After checking the real SQL log printed by the console, we found that when using ShardingSphere for data insertion, its internal implementation will first query whether the record exists based on the sharding key order_id. If the record does not exist, an insert operation is performed; if the record already exists, an update operation is performed. It seems that only 10 insert SQL statements will be executed, but in fact 20 SQL statements need to be executed, which will have a certain impact on the performance of the database.

The function is quite simple, but due to the API changes in different versions of ShardingSphere

Default data source

Some friends may have questions. The t_order table that has set up sharding rules can operate data normally. If our t_user table does not have sharding rules configured, So what happens when performing an insert operation?

After carefully reading the official technical documentation, I have actually answered my friend’s question. If only some databases are divided into databases and tables, do I need to configure the tables that are not divided into databases and tables in the sharding rules? Official answer: No.

We create a t_user table and do not configure any sharding rules on it. In my impression, if default-data-source-name is not set as the default data source, an error should be reported when operating an unsharded table!

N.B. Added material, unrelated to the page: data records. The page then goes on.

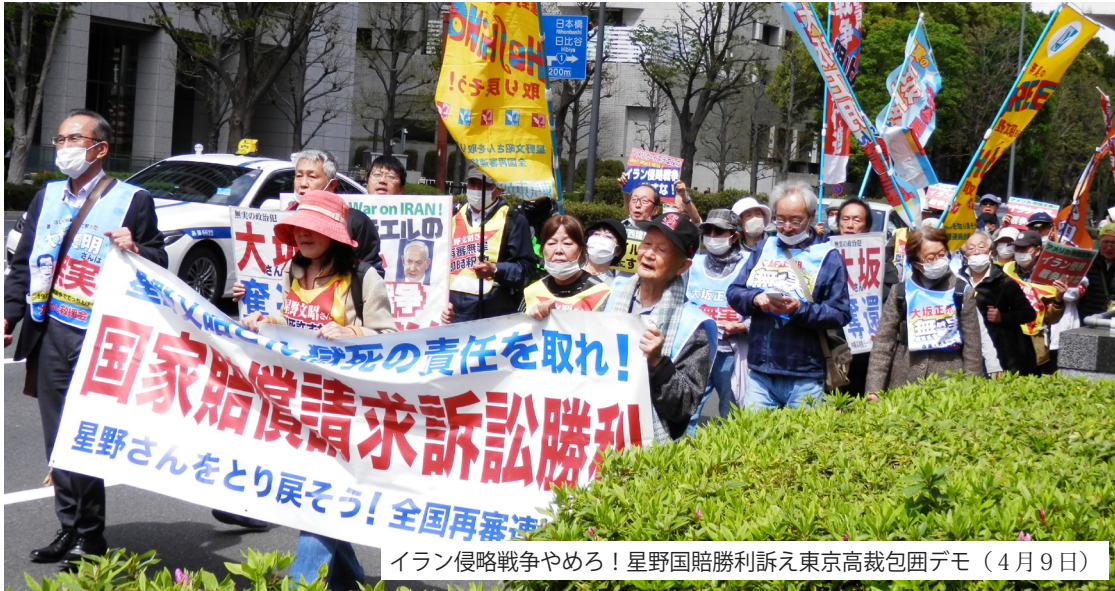
イラン侵略戦争やめろ! 星野国賠勝利訴え東京高裁包囲デモ (4月9日)

◇頒価 200 円 ◇毎月 1 回 第 1 月曜日発行 ◇会費 年間 3000 円 ◇振替口座 (ゆうちょ銀行) 00140-7-635858 (星野・大坂全国救援会)
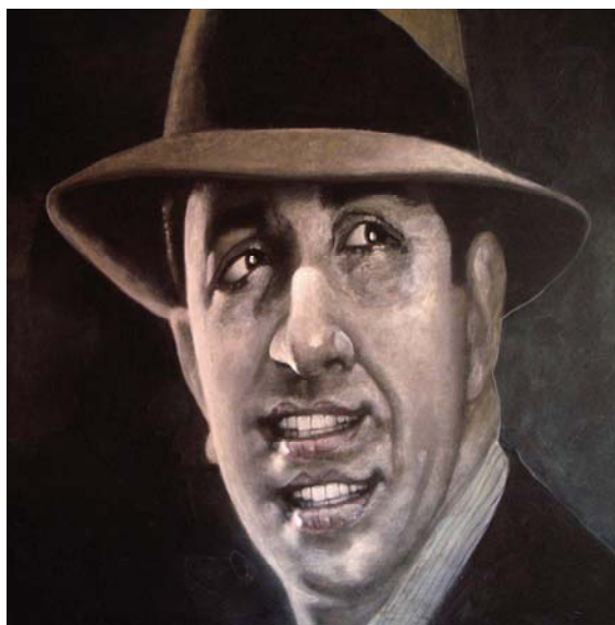
Cada día canta mejor. Acrílico s/tela.
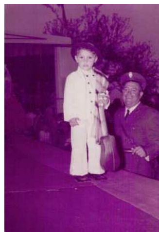
Participando en un desfile infantil
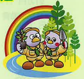
第75回全国植樹祭 シンボルマーク

We tried to insert a piece of data into t_user, and it succeeded? After looking through the database table, I found that the data was only inserted into the db1 database, indicating that the broadcast route was not used.

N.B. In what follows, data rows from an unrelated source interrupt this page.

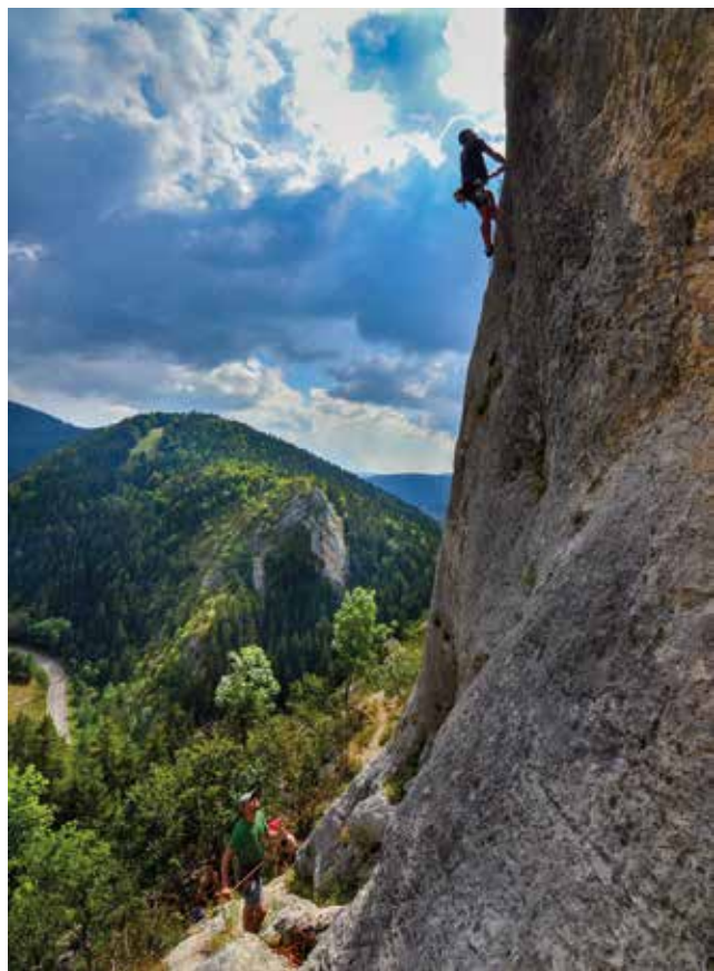
V plezališču Lans-en-Vercors.

V četrtek je ves dan deževalo in ta dan v jamo ni vstopil nihče. Turobno vreme smo izkoristili za pripravo opreme za akcijo naslednjega dne. Popoldne
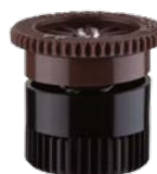
Сопло 8А Радиус: 2,4 м
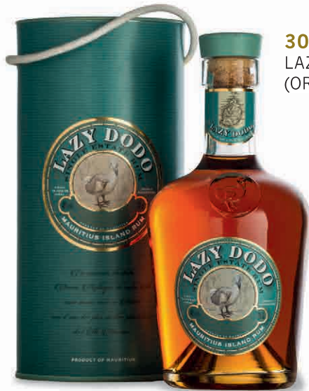
30601 LAZY DODO IN ASTUCCIO (ORIG. MAURITIUS)
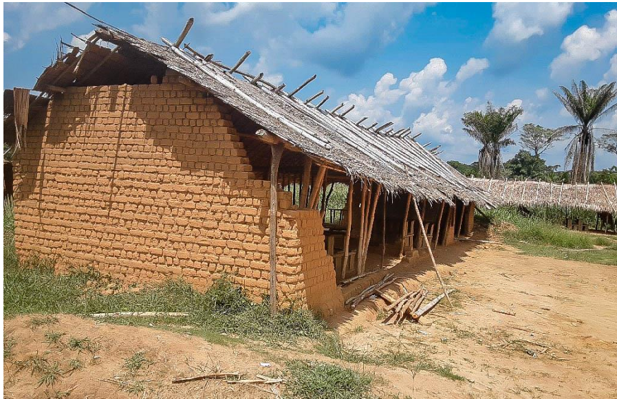
Ecole Primaire BOSO NGUBU Equateur/Basankusu
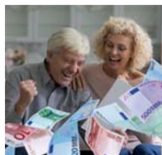
Es geht um viel Geld.

Bei einem Widerruf erhalten Sie – anders als bei der Kündigung – alle eingezahlten Beiträge ohne Abzug von Maklerprovisionen und Verwaltungskosten zurück. Und nicht nur das: Die Versicherung muss Sie auch an dem mit Ihrem Geld erzielten Anlagegewinn beteiligen. So können Sie sich bis zu 150 % der eingezahlten Beiträge zurückholen. Ein saftiges Plus auf Ihrem Konto winkt!
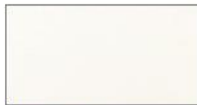
Porzellanweiß Porcelain White Porseleinwit
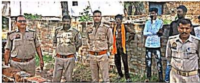
मेहनौन के लखनीपुर घटनास्थल पर मौजूद पुलिसकर्मी
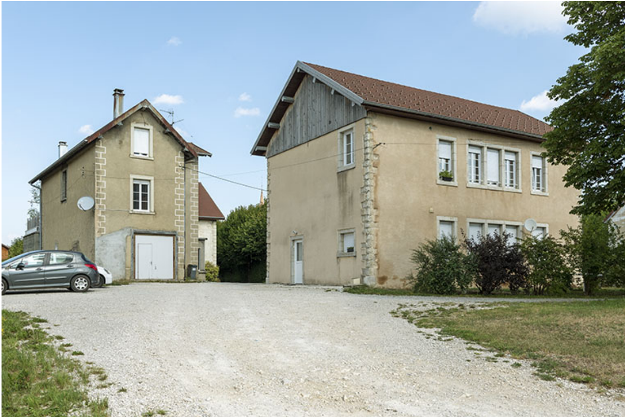
Logement de contremaître (à gauche) et atelier de fabrication.
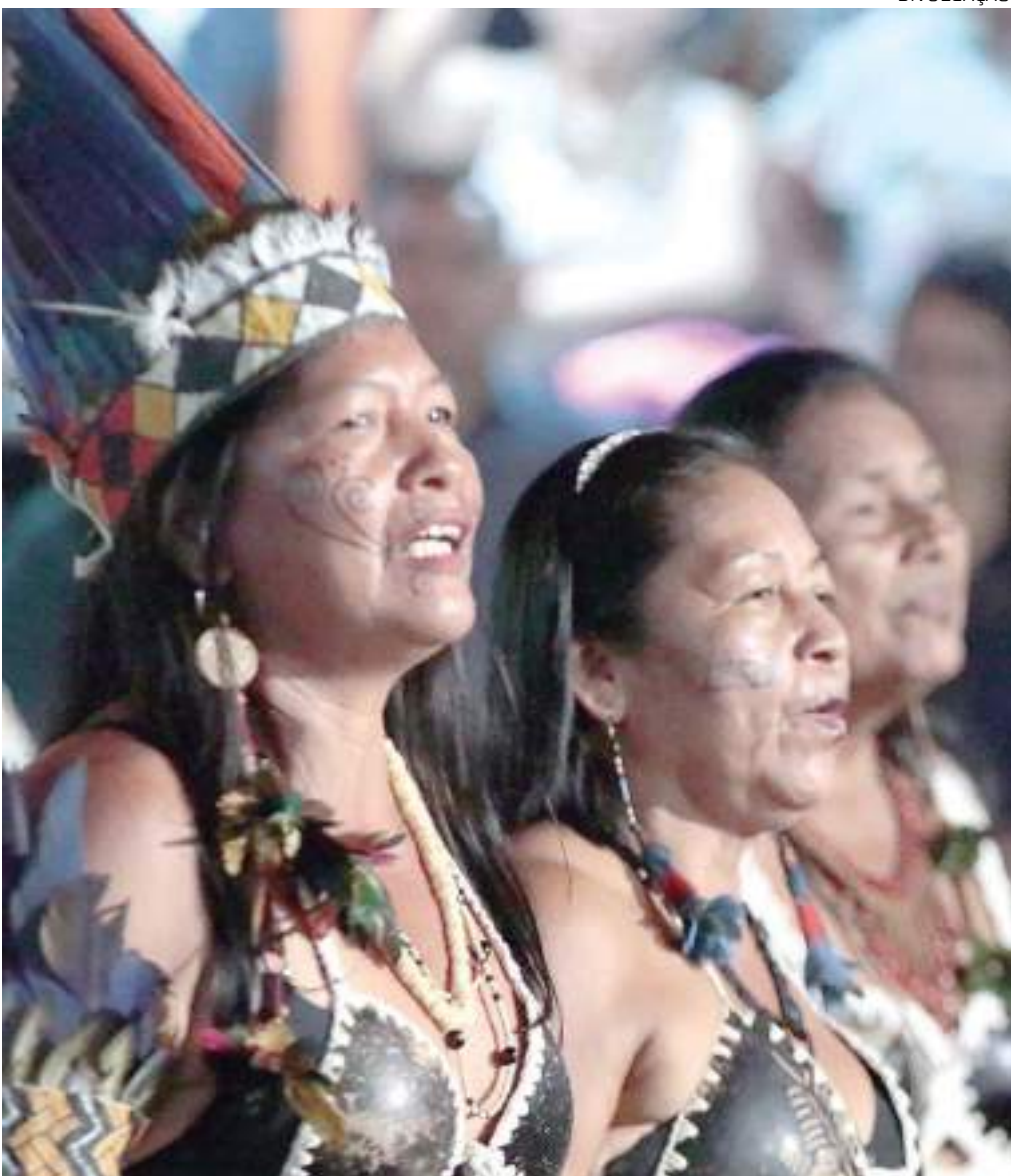
Evento reunirá 66 etnias, 12 federações e 93 associações indígenas do Amazonas
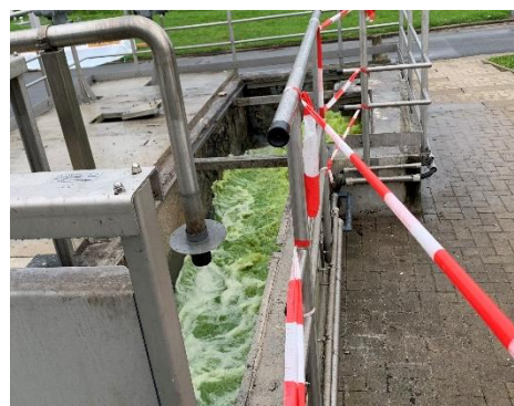
Abbildung 3: Ausspeisestelle der Spülstrecke
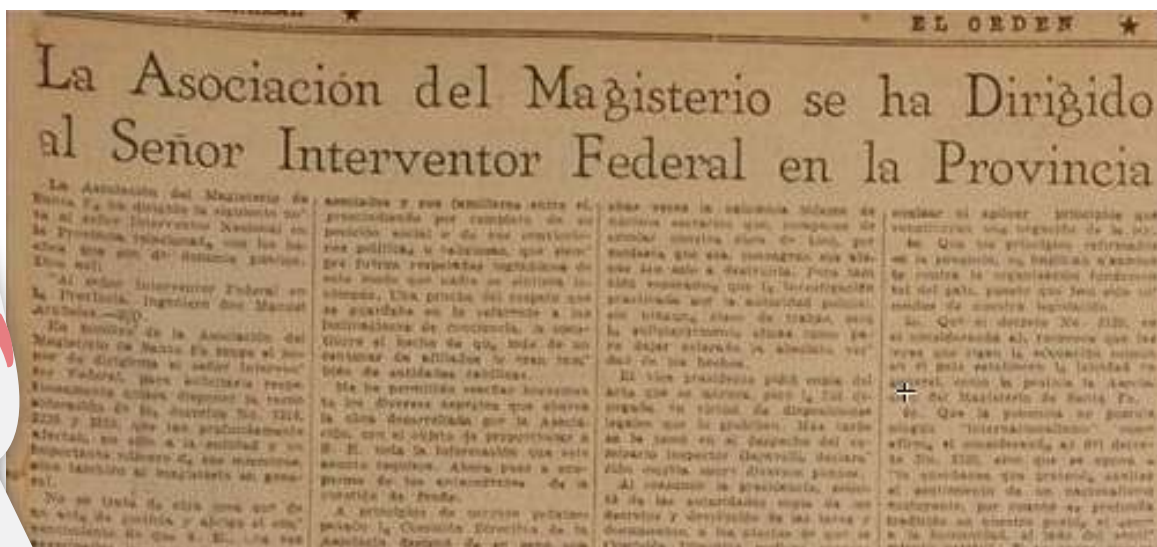
Santa Fe, miércoles 5 de abril de 1944

Un decreto posterior sancionó la disolución de la AMSAFE, produciéndose al año siguiente el cambio de autoridades gubernativas tomando como primera medida, bajo la presión popular, anular lo actuado por las anteriores con respecto a los docentes y la entidad que los agrupaba.

shardingsphere-jdbc Version 5.x removed the original default data source configuration and automatically used the rules of the default data source. To verify that I added more data sources, I tentatively adjusted Insert data again in the order of db2, db0, and db1. This time the record is inserted into the db2 library. After repeated trials, the data is inserted again. get conclusion.

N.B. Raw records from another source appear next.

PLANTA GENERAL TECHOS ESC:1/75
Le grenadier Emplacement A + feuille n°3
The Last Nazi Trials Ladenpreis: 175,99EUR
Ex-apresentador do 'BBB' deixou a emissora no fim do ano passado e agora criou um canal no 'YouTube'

Unsharded tables will use the first data source as the default data source by default, which is the first datasource.names one.

spring:
  shardingsphere:
    #Data source configuration
    datasource:
      # Data source name, multiple data sources separated by commas
      names: db2, db1, db0

Shardingsphere gave a brief introduction and quickly implemented the sub-database and sub-table functions using yml and Java coding. Next, we will implement them one by one according to the functions of the mind map at the beginning of the article.